*** Block opens ***

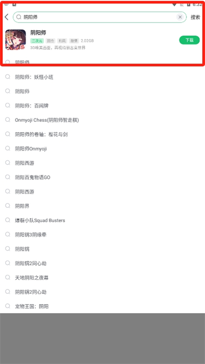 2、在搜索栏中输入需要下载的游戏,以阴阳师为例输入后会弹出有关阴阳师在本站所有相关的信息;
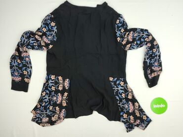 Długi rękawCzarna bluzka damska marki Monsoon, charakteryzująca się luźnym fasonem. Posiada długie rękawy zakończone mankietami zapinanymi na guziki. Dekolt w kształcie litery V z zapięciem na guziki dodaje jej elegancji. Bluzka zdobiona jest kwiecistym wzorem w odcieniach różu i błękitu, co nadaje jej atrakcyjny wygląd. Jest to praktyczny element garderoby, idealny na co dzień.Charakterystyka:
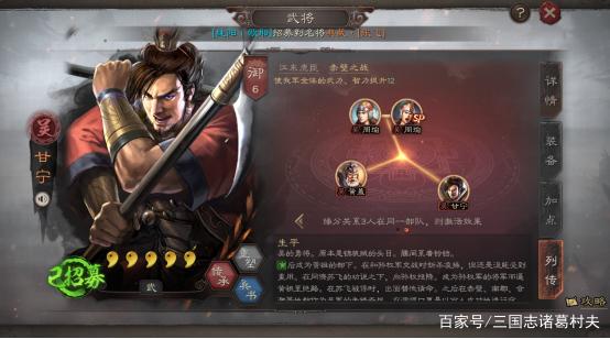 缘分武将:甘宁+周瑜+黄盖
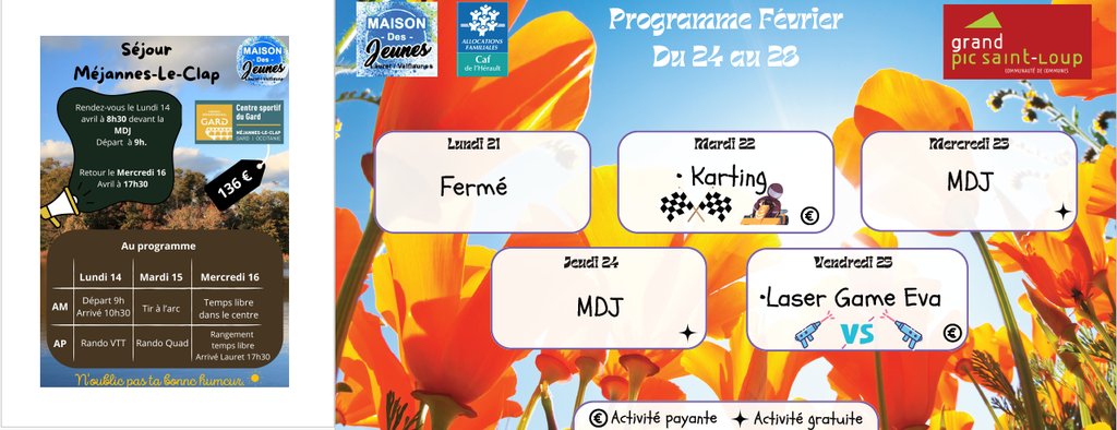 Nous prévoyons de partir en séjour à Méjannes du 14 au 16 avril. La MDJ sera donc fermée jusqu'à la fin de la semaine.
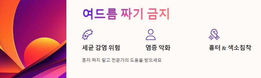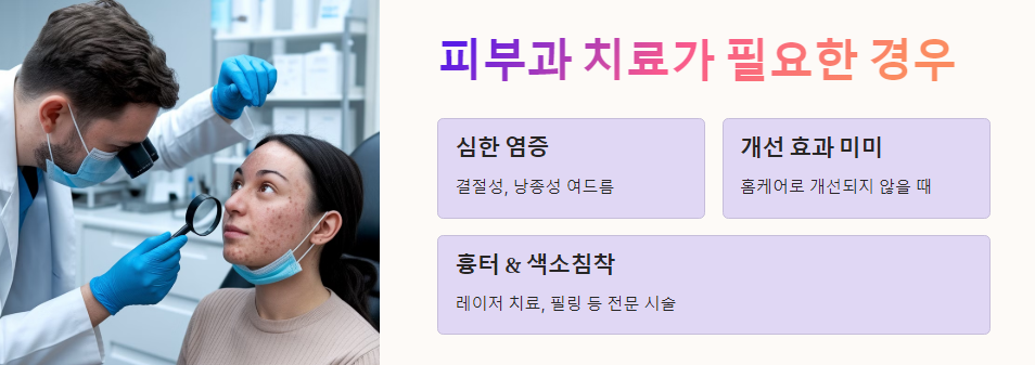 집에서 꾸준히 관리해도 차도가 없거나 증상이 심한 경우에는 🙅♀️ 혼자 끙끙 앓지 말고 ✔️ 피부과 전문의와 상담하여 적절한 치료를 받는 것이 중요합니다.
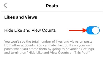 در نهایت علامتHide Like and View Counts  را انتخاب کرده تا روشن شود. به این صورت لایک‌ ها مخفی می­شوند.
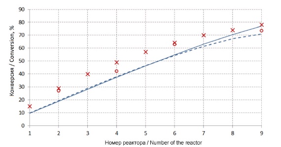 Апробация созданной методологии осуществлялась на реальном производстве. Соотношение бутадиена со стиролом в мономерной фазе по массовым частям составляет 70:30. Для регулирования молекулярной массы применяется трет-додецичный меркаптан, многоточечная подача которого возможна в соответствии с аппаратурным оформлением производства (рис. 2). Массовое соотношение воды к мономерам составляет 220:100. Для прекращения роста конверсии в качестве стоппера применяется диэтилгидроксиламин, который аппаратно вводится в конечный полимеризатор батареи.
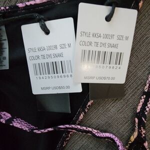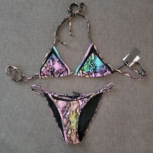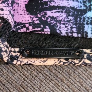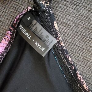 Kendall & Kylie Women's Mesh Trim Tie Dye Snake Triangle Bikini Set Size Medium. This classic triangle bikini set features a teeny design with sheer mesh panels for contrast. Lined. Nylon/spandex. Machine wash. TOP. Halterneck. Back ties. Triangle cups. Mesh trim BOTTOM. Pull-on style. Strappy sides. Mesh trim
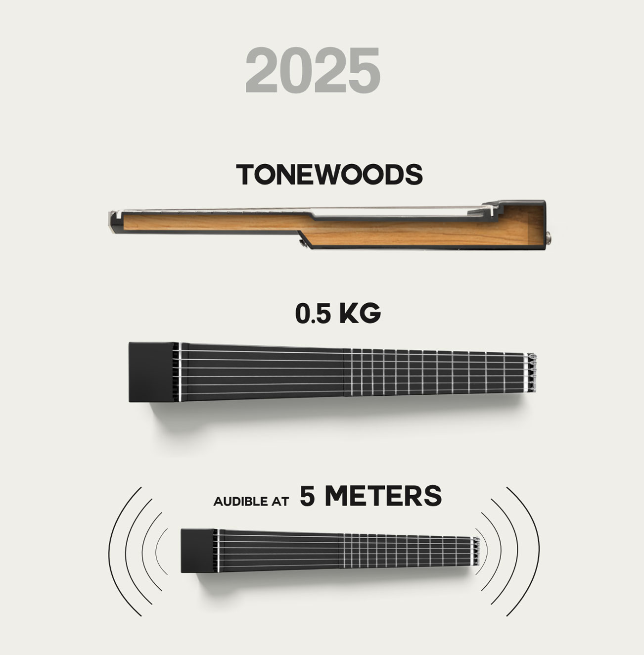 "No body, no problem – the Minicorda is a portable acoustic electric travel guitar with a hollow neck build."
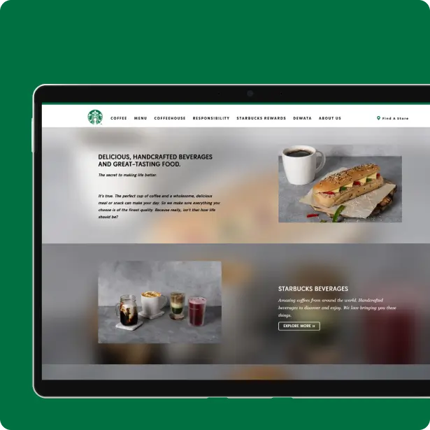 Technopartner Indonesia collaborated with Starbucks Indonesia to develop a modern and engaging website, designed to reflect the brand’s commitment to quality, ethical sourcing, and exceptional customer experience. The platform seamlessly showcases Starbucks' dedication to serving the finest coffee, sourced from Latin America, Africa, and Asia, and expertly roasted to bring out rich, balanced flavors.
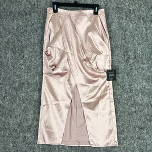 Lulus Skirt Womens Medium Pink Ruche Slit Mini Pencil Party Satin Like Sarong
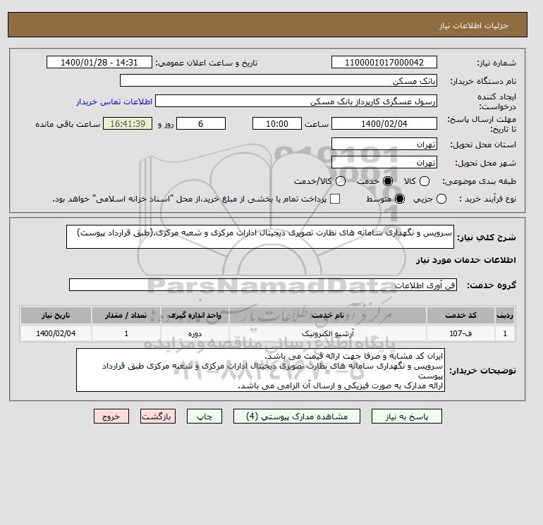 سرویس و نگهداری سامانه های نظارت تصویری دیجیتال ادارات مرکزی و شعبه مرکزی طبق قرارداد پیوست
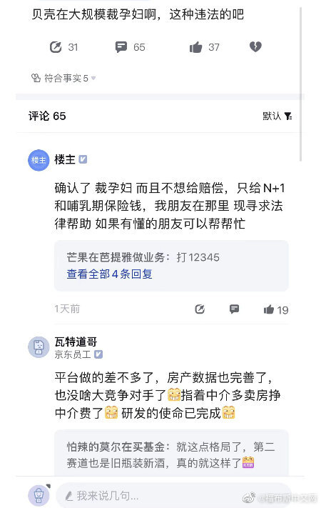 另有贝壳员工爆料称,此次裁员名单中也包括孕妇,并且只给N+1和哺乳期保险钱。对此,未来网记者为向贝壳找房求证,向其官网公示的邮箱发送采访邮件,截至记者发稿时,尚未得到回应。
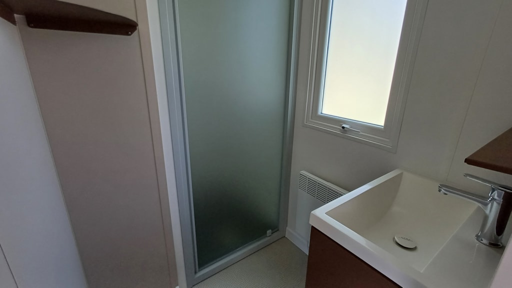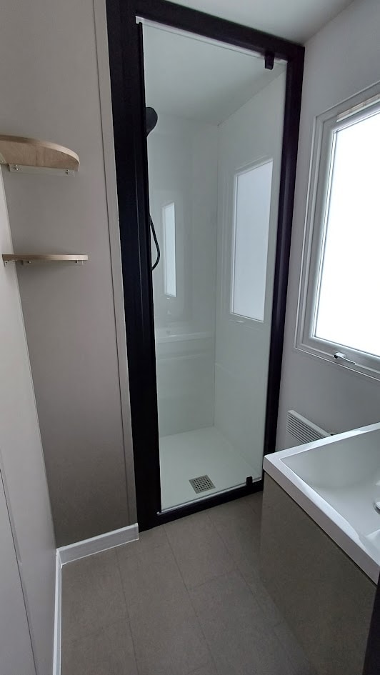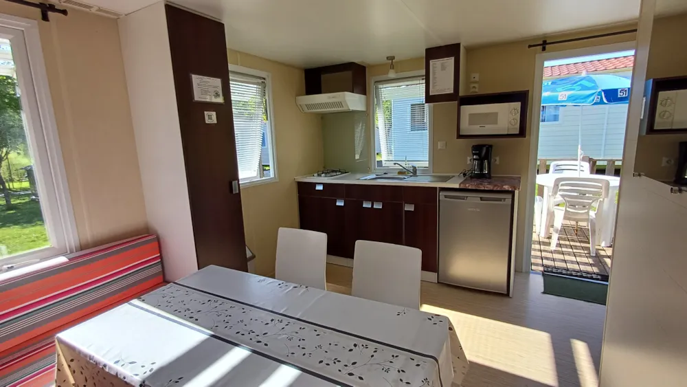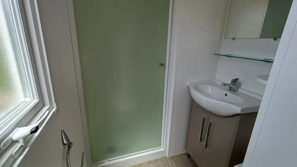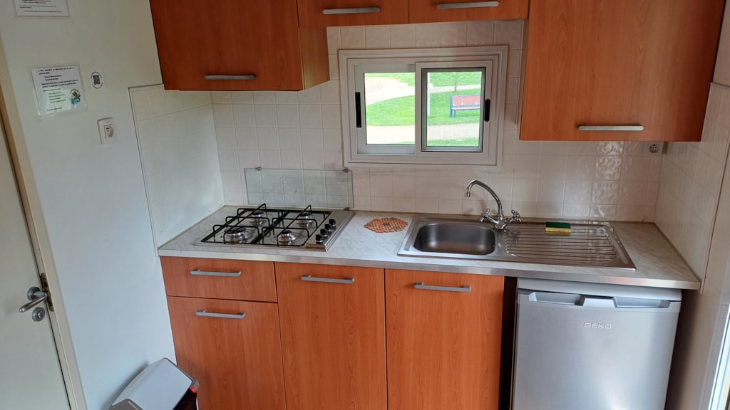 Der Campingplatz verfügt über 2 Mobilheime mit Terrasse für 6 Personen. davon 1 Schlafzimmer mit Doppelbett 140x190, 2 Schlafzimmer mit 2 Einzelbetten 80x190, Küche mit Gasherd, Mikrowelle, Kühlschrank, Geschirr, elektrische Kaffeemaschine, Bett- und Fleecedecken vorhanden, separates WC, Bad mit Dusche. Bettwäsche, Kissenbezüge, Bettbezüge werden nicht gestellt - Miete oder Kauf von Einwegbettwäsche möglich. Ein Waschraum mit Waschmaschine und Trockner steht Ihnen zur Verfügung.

*** Block closes ***

What you have to do> Give the data back exactly, omitting all pictures.

Your solution>
 2、在搜索栏中输入需要下载的游戏,以阴阳师为例输入后会弹出有关阴阳师在本站所有相关的信息;
 Długi rękawCzarna bluzka damska marki Monsoon, charakteryzująca się luźnym fasonem. Posiada długie rękawy zakończone mankietami zapinanymi na guziki. Dekolt w kształcie litery V z zapięciem na guziki dodaje jej elegancji. Bluzka zdobiona jest kwiecistym wzorem w odcieniach różu i błękitu, co nadaje jej atrakcyjny wygląd. Jest to praktyczny element garderoby, idealny na co dzień.Charakterystyka:
 缘分武将:甘宁+周瑜+黄盖
 Nous prévoyons de partir en séjour à Méjannes du 14 au 16 avril. La MDJ sera donc fermée jusqu'à la fin de la semaine.
 집에서 꾸준히 관리해도 차도가 없거나 증상이 심한 경우에는 🙅♀️ 혼자 끙끙 앓지 말고 ✔️ 피부과 전문의와 상담하여 적절한 치료를 받는 것이 중요합니다.
 در نهایت علامتHide Like and View Counts  را انتخاب کرده تا روشن شود. به این صورت لایک‌ ها مخفی می­شوند.
 Апробация созданной методологии осуществлялась на реальном производстве. Соотношение бутадиена со стиролом в мономерной фазе по массовым частям составляет 70:30. Для регулирования молекулярной массы применяется трет-додецичный меркаптан, многоточечная подача которого возможна в соответствии с аппаратурным оформлением производства (рис. 2). Массовое соотношение воды к мономерам составляет 220:100. Для прекращения роста конверсии в качестве стоппера применяется диэтилгидроксиламин, который аппаратно вводится в конечный полимеризатор батареи.
 Kendall & Kylie Women's Mesh Trim Tie Dye Snake Triangle Bikini Set Size Medium. This classic triangle bikini set features a teeny design with sheer mesh panels for contrast. Lined. Nylon/spandex. Machine wash. TOP. Halterneck. Back ties. Triangle cups. Mesh trim BOTTOM. Pull-on style. Strappy sides. Mesh trim
 "No body, no problem – the Minicorda is a portable acoustic electric travel guitar with a hollow neck build."
 Technopartner Indonesia collaborated with Starbucks Indonesia to develop a modern and engaging website, designed to reflect the brand’s commitment to quality, ethical sourcing, and exceptional customer experience. The platform seamlessly showcases Starbucks' dedication to serving the finest coffee, sourced from Latin America, Africa, and Asia, and expertly roasted to bring out rich, balanced flavors.
 Lulus Skirt Womens Medium Pink Ruche Slit Mini Pencil Party Satin Like Sarong
 سرویس و نگهداری سامانه های نظارت تصویری دیجیتال ادارات مرکزی و شعبه مرکزی طبق قرارداد پیوست
 另有贝壳员工爆料称,此次裁员名单中也包括孕妇,并且只给N+1和哺乳期保险钱。对此,未来网记者为向贝壳找房求证,向其官网公示的邮箱发送采访邮件,截至记者发稿时,尚未得到回应。
 Der Campingplatz verfügt über 2 Mobilheime mit Terrasse für 6 Personen. davon 1 Schlafzimmer mit Doppelbett 140x190, 2 Schlafzimmer mit 2 Einzelbetten 80x190, Küche mit Gasherd, Mikrowelle, Kühlschrank, Geschirr, elektrische Kaffeemaschine, Bett- und Fleecedecken vorhanden, separates WC, Bad mit Dusche. Bettwäsche, Kissenbezüge, Bettbezüge werden nicht gestellt - Miete oder Kauf von Einwegbettwäsche möglich. Ein Waschraum mit Waschmaschine und Trockner steht Ihnen zur Verfügung.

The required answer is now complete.